Steve Lacy, who hipped John Coltrane to the soprano sax and fused the music of Thelonious Monk with Dixieland, passed away Friday. He recently cut an album with trumpeter Dave Douglas that I'd like to pick up. I just learned about him a few weeks ago and I'm shocked to learn that he's already gone.

May 19, 2004

elvin jones

None of the images that the critics invoked to describe his playing -- volcano, thunderstorm, perpetual-motion machine -- quite did justice to the strength of his attack, the complexity of his ideas or the originality of his approach.

R.I.P. Elvin Jones, the great drummer known for his kinetic work with John Coltrane. He died yesterday, 76 years old.

March 2, 2004

it went here

Fans of Ween's "Where'd the Cheese Go?" should know that the band has released Live By Request, an album that includes a six-minute version of "WTCG?"

February 26, 2004

nellie mckay

Singer-songerwriter Nellie McKay, who is 19, was on NPR's Morning Edition today. Original.

February 6, 2004

I am [hip-hop]

I've learned recently that some folks in the hip-hop community respect what I'm doing, and it's such a thrill. [One hip-hop guy's compliment] is like five pop guys telling you that your music's doing it for them. I like being myself and kinda sticking to that. Maybe that's kind of the part to be respected. I think also I'm a 'beat' guy. I'm a rhythm guy.

John Mayer plays electric guitar.

January 13, 2004

all his music industry knowledge in three axioms

To Major-Label Hell and Back by Alison M. Rosen

originally posted by xowie

January 3, 2004

it's labor day and my grandpa feels just great

Musicians from a few different punk-related genres are exploring therapy rock: the up-and-coming "emo" genre, which features hyperdramatic, almost mawkish rock delving deeply into personal upheaval; rap-metal, an aggressive hybrid that has lately turned more introspective; and pop-punk, a slick version of punk that's deceptively up-tempo and not generally noted for its profundity. But it is bands in the last category — like the hugely popular Good Charlotte, Sum 41 and Blink-182 — whose songs most often amount to vivid case studies in adolescent mental health issues. The group A Simple Plan, who are also receiving heavy play on MTV, might have expressed pop-punk's attitude most directly: "I'm just a kid/ And life is a nightmare."

Punk's Earnest New Mission by Michael Azerrad.

originally posted by xowie

December 22, 2003

hmm

Acid Mothers Temple?

December 14, 2003

bangs

No. I was still freelancing for Rolling Stone, but I started getting things rejected in like the summer of 1970 when Wenner was going through one of his freakouts. Before that I was so stupid that I thought you should be loyal to Rolling Stone, and only freelance for them.

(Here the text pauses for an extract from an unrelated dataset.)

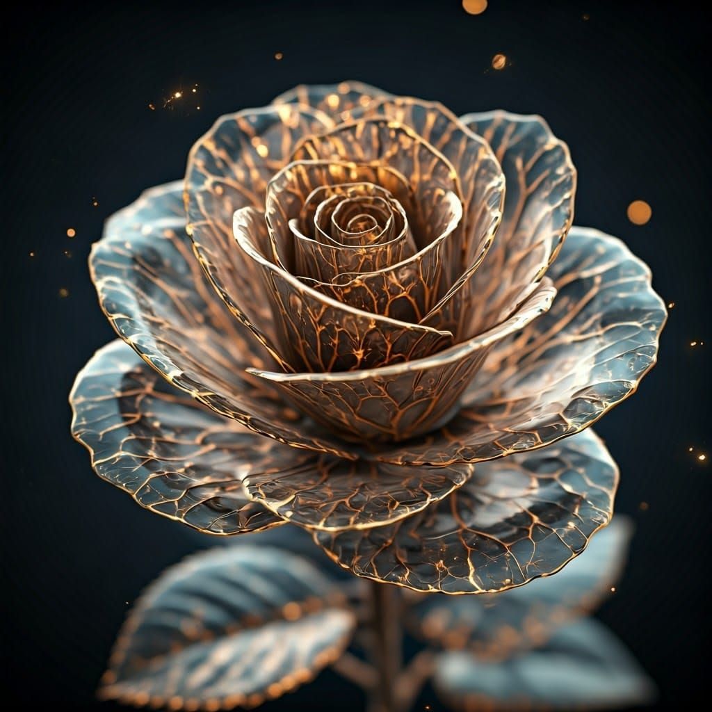 Abstract macro photography miniature glass rose. A 3D crystal, glass, diamond, perfectly transparent and see-through ava-flower in the light. Delicate, translucent Avaflower with intricate, glass-like petals and crystalline structure, refracting and reflecting light, surrounded by sparkling dewdrops, ...

And they were paying like $12 a review! So then I started getting reviews rejected, and I started sending each one to a different magazine. I sent them to Fusion or Creem or whatever, and things with Creem started going really good. I got this letter from Dave Marsh at Creem that said, "Yeah, kid, I've been looking at your stuff for a while. It looks really good" and something to the effect that "you take way too much acid and don't drink half enough whiskey." And I was like, "Alright, man!" And so then the assigned me to review Funhouse by the Stooges and I wrote this endless article that ran in two parts as a record review, and they printed it. And I said, "Alright, I guess this is where I'd better go. This is where I belong."

Jim DeRogatis interviews Lester Bangs.

December 12, 2003

John Peel

Here are some MP3 downloads of songs played by John Peel:
Here are some free and legal mp3 downloads of songs that John Peel has featured on his Radio 1 show recently. All these tracks have been made made available by the bands or record labels themselves, they don't involve Kazaa or anonymous postings toalt.binaries.sounds or anything like that. The idea is that if you like the track, you'll buy some of their records, which seems pretty sound to me.
(Via Alaina)

December 11, 2003

burmese music

Mr. Naing said that like jazz musicians, Burmese players "look at one another and listen to the tune and play accordingly."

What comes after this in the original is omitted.